▸ Work task:
Print all the data below exactly, without images.

▸ Collected data entries:
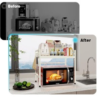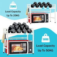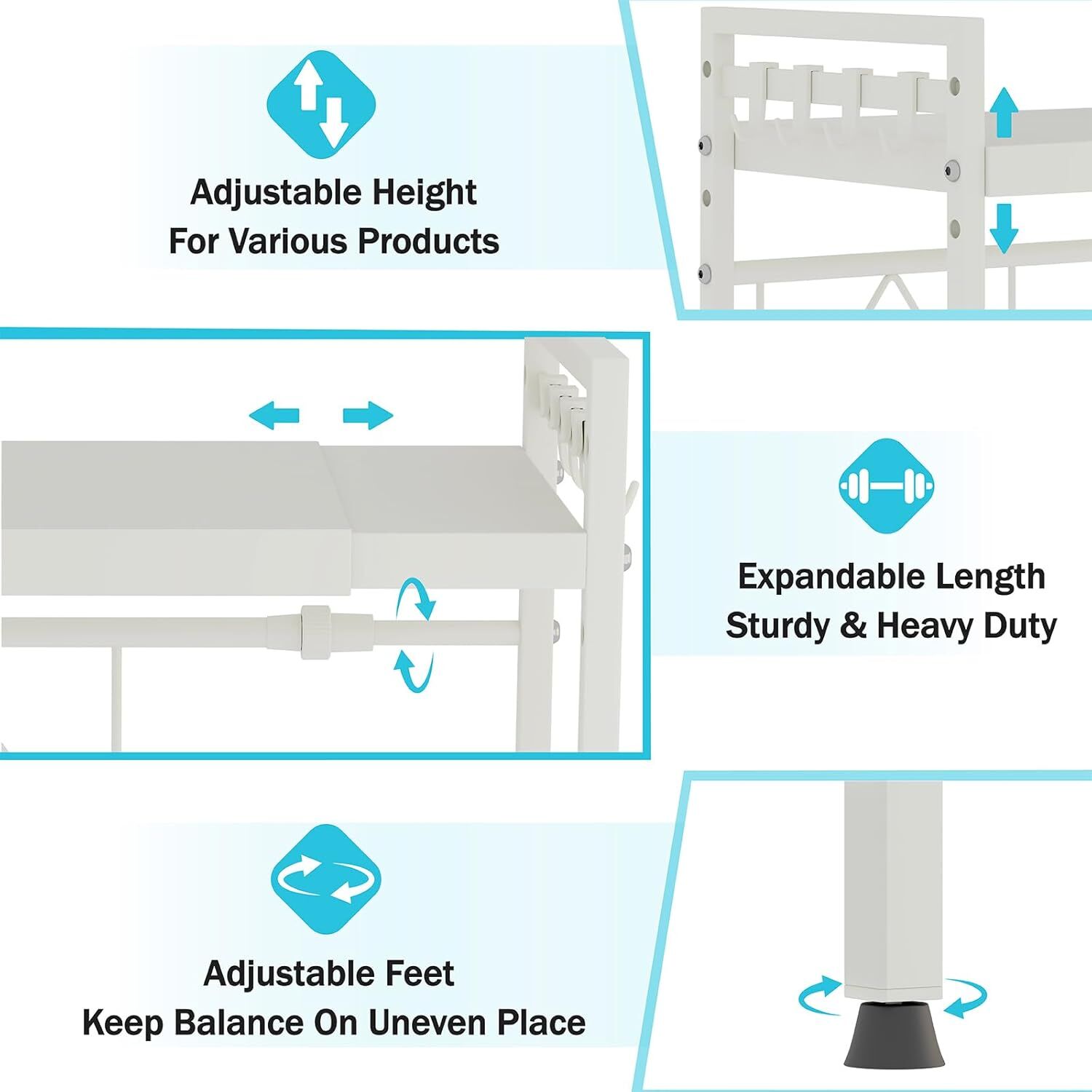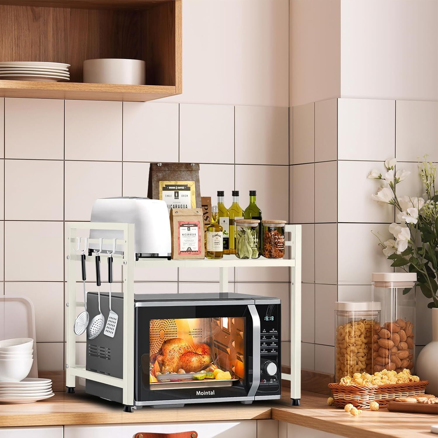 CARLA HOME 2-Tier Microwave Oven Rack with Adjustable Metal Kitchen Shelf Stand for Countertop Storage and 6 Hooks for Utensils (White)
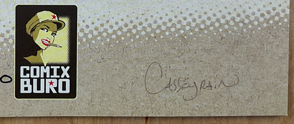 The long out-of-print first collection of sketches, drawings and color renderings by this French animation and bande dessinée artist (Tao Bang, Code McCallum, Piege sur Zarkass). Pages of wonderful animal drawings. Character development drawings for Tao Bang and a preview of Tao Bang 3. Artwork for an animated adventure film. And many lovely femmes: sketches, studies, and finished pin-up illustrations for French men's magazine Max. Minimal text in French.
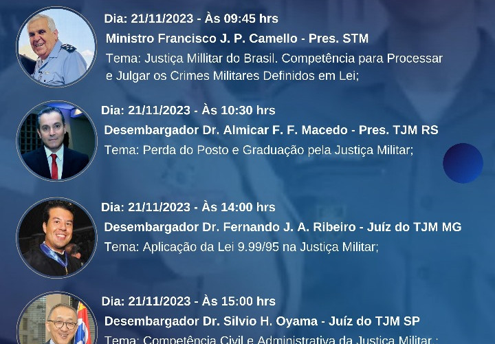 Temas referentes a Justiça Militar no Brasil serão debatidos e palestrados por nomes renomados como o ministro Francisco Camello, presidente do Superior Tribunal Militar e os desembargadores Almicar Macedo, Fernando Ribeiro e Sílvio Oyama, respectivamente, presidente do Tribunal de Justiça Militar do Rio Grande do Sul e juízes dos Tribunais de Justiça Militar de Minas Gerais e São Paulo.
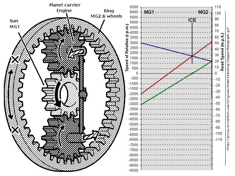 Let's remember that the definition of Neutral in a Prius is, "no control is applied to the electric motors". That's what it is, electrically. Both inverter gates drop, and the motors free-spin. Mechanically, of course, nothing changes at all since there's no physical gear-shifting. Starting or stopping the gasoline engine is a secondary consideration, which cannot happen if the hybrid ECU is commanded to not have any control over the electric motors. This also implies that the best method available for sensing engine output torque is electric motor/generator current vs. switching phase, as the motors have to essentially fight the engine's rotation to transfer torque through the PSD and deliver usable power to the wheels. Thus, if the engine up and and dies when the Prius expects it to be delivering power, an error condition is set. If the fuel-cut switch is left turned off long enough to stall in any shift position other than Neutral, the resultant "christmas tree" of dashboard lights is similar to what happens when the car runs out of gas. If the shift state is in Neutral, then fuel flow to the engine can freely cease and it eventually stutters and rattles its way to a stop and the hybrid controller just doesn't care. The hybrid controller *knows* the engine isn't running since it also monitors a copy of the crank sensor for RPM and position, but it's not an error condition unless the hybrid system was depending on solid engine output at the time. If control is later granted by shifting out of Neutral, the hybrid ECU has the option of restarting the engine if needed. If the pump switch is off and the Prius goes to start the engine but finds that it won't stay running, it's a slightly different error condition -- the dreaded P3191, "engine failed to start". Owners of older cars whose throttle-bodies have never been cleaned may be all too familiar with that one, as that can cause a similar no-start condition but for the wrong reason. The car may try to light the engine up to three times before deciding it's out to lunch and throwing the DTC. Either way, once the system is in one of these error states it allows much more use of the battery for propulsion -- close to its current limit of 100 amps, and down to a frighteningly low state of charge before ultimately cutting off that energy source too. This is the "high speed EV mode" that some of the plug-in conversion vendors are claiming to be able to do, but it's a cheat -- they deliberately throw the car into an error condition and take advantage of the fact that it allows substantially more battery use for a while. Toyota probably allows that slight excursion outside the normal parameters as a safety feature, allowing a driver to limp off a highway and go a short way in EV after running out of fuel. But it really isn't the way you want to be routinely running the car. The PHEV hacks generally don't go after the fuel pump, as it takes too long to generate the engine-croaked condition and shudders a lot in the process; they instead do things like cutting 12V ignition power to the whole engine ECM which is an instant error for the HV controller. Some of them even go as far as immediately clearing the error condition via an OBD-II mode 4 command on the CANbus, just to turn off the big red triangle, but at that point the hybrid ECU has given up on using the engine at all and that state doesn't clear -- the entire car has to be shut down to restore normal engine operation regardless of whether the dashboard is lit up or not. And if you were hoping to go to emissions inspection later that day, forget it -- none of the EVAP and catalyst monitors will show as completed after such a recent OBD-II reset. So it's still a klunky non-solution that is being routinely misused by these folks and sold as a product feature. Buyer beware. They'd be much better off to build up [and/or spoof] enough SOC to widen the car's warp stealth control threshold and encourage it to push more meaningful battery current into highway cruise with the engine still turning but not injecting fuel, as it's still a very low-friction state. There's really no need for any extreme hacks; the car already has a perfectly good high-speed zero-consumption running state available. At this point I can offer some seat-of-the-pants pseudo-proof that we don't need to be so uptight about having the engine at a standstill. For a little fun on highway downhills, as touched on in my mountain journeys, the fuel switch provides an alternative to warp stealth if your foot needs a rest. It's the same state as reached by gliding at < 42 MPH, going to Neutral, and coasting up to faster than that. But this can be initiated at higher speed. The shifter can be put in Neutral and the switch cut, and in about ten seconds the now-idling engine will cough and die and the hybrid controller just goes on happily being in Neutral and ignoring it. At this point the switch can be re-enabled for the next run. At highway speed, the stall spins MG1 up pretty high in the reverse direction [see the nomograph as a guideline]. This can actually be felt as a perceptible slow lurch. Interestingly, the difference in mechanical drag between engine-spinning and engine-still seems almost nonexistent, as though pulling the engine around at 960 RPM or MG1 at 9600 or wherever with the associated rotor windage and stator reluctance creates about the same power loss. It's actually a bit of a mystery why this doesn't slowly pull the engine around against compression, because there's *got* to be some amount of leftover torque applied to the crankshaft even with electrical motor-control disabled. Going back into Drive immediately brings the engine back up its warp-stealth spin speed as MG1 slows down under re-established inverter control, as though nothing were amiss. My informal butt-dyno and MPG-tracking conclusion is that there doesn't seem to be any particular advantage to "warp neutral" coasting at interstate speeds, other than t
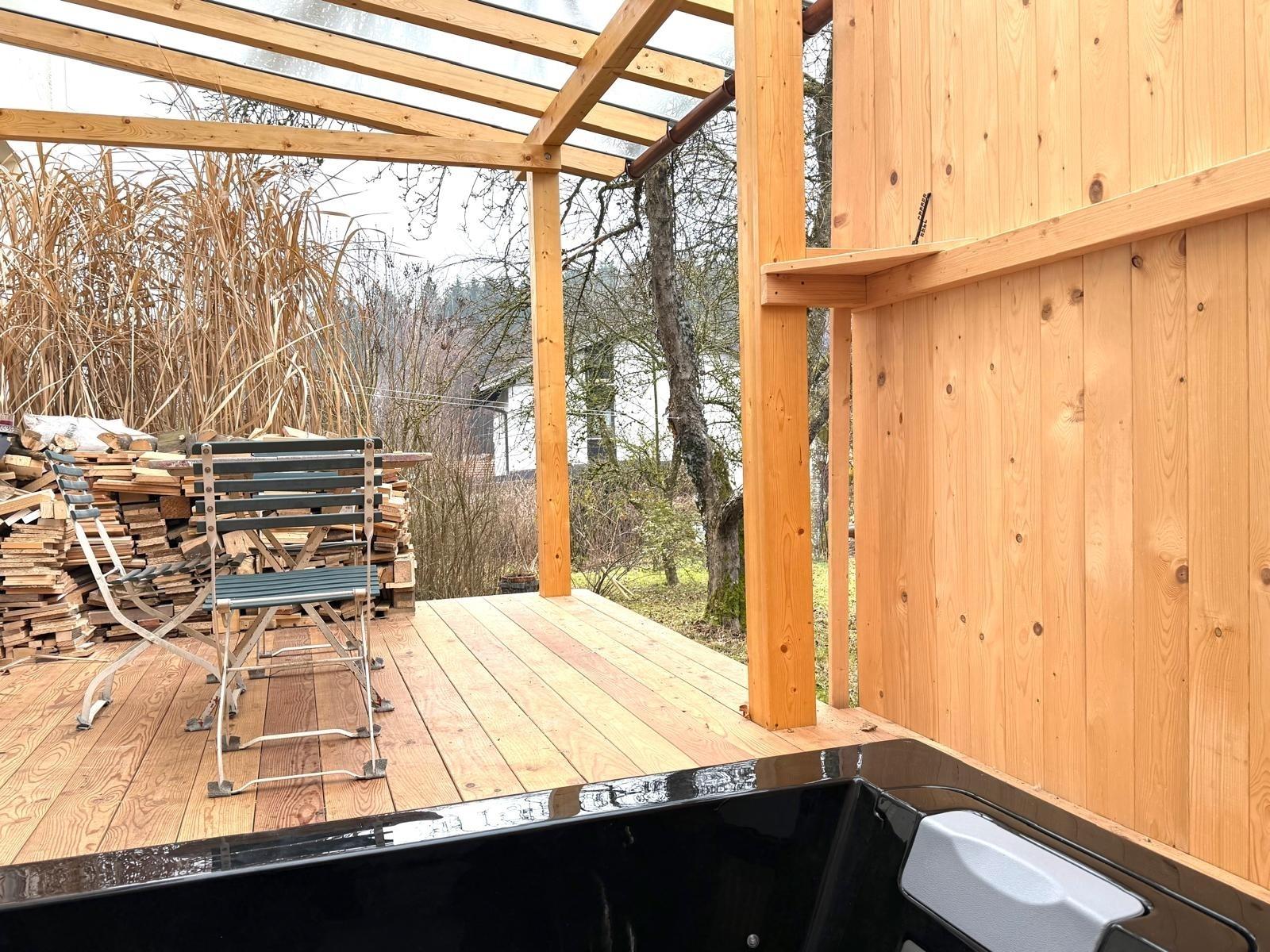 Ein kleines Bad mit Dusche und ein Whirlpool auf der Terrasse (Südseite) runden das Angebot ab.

▸ Answer for the task:
 CARLA HOME 2-Tier Microwave Oven Rack with Adjustable Metal Kitchen Shelf Stand for Countertop Storage and 6 Hooks for Utensils (White)
 The long out-of-print first collection of sketches, drawings and color renderings by this French animation and bande dessinée artist (Tao Bang, Code McCallum, Piege sur Zarkass). Pages of wonderful animal drawings. Character development drawings for Tao Bang and a preview of Tao Bang 3. Artwork for an animated adventure film. And many lovely femmes: sketches, studies, and finished pin-up illustrations for French men's magazine Max. Minimal text in French.
 Temas referentes a Justiça Militar no Brasil serão debatidos e palestrados por nomes renomados como o ministro Francisco Camello, presidente do Superior Tribunal Militar e os desembargadores Almicar Macedo, Fernando Ribeiro e Sílvio Oyama, respectivamente, presidente do Tribunal de Justiça Militar do Rio Grande do Sul e juízes dos Tribunais de Justiça Militar de Minas Gerais e São Paulo.
 Let's remember that the definition of Neutral in a Prius is, "no control is applied to the electric motors". That's what it is, electrically. Both inverter gates drop, and the motors free-spin. Mechanically, of course, nothing changes at all since there's no physical gear-shifting. Starting or stopping the gasoline engine is a secondary consideration, which cannot happen if the hybrid ECU is commanded to not have any control over the electric motors. This also implies that the best method available for sensing engine output torque is electric motor/generator current vs. switching phase, as the motors have to essentially fight the engine's rotation to transfer torque through the PSD and deliver usable power to the wheels. Thus, if the engine up and and dies when the Prius expects it to be delivering power, an error condition is set. If the fuel-cut switch is left turned off long enough to stall in any shift position other than Neutral, the resultant "christmas tree" of dashboard lights is similar to what happens when the car runs out of gas. If the shift state is in Neutral, then fuel flow to the engine can freely cease and it eventually stutters and rattles its way to a stop and the hybrid controller just doesn't care. The hybrid controller *knows* the engine isn't running since it also monitors a copy of the crank sensor for RPM and position, but it's not an error condition unless the hybrid system was depending on solid engine output at the time. If control is later granted by shifting out of Neutral, the hybrid ECU has the option of restarting the engine if needed. If the pump switch is off and the Prius goes to start the engine but finds that it won't stay running, it's a slightly different error condition -- the dreaded P3191, "engine failed to start". Owners of older cars whose throttle-bodies have never been cleaned may be all too familiar with that one, as that can cause a similar no-start condition but for the wrong reason. The car may try to light the engine up to three times before deciding it's out to lunch and throwing the DTC. Either way, once the system is in one of these error states it allows much more use of the battery for propulsion -- close to its current limit of 100 amps, and down to a frighteningly low state of charge before ultimately cutting off that energy source too. This is the "high speed EV mode" that some of the plug-in conversion vendors are claiming to be able to do, but it's a cheat -- they deliberately throw the car into an error condition and take advantage of the fact that it allows substantially more battery use for a while. Toyota probably allows that slight excursion outside the normal parameters as a safety feature, allowing a driver to limp off a highway and go a short way in EV after running out of fuel. But it really isn't the way you want to be routinely running the car. The PHEV hacks generally don't go after the fuel pump, as it takes too long to generate the engine-croaked condition and shudders a lot in the process; they instead do things like cutting 12V ignition power to the whole engine ECM which is an instant error for the HV controller. Some of them even go as far as immediately clearing the error condition via an OBD-II mode 4 command on the CANbus, just to turn off the big red triangle, but at that point the hybrid ECU has given up on using the engine at all and that state doesn't clear -- the entire car has to be shut down to restore normal engine operation regardless of whether the dashboard is lit up or not. And if you were hoping to go to emissions inspection later that day, forget it -- none of the EVAP and catalyst monitors will show as completed after such a recent OBD-II reset. So it's still a klunky non-solution that is being routinely misused by these folks and sold as a product feature. Buyer beware. They'd be much better off to build up [and/or spoof] enough SOC to widen the car's warp stealth control threshold and encourage it to push more meaningful battery current into highway cruise with the engine still turning but not injecting fuel, as it's still a very low-friction state. There's really no need for any extreme hacks; the car already has a perfectly good high-speed zero-consumption running state available. At this point I can offer some seat-of-the-pants pseudo-proof that we don't need to be so uptight about having the engine at a standstill. For a little fun on highway downhills, as touched on in my mountain journeys, the fuel switch provides an alternative to warp stealth if your foot needs a rest. It's the same state as reached by gliding at < 42 MPH, going to Neutral, and coasting up to faster than that. But this can be initiated at higher speed. The shifter can be put in Neutral and the switch cut, and in about ten seconds the now-idling engine will cough and die and the hybrid controller just goes on happily being in Neutral and ignoring it. At this point the switch can be re-enabled for the next run. At highway speed, the stall spins MG1 up pretty high in the reverse direction [see the nomograph as a guideline]. This can actually be felt as a perceptible slow lurch. Interestingly, the difference in mechanical drag between engine-spinning and engine-still seems almost nonexistent, as though pulling the engine around at 960 RPM or MG1 at 9600 or wherever with the associated rotor windage and stator reluctance creates about the same power loss. It's actually a bit of a mystery why this doesn't slowly pull the engine around against compression, because there's *got* to be some amount of leftover torque applied to the crankshaft even with electrical motor-control disabled. Going back into Drive immediately brings the engine back up its warp-stealth spin speed as MG1 slows down under re-established inverter control, as though nothing were amiss. My informal butt-dyno and MPG-tracking conclusion is that there doesn't seem to be any particular advantage to "warp neutral" coasting at interstate speeds, other than t
 Ein kleines Bad mit Dusche und ein Whirlpool auf der Terrasse (Südseite) runden das Angebot ab.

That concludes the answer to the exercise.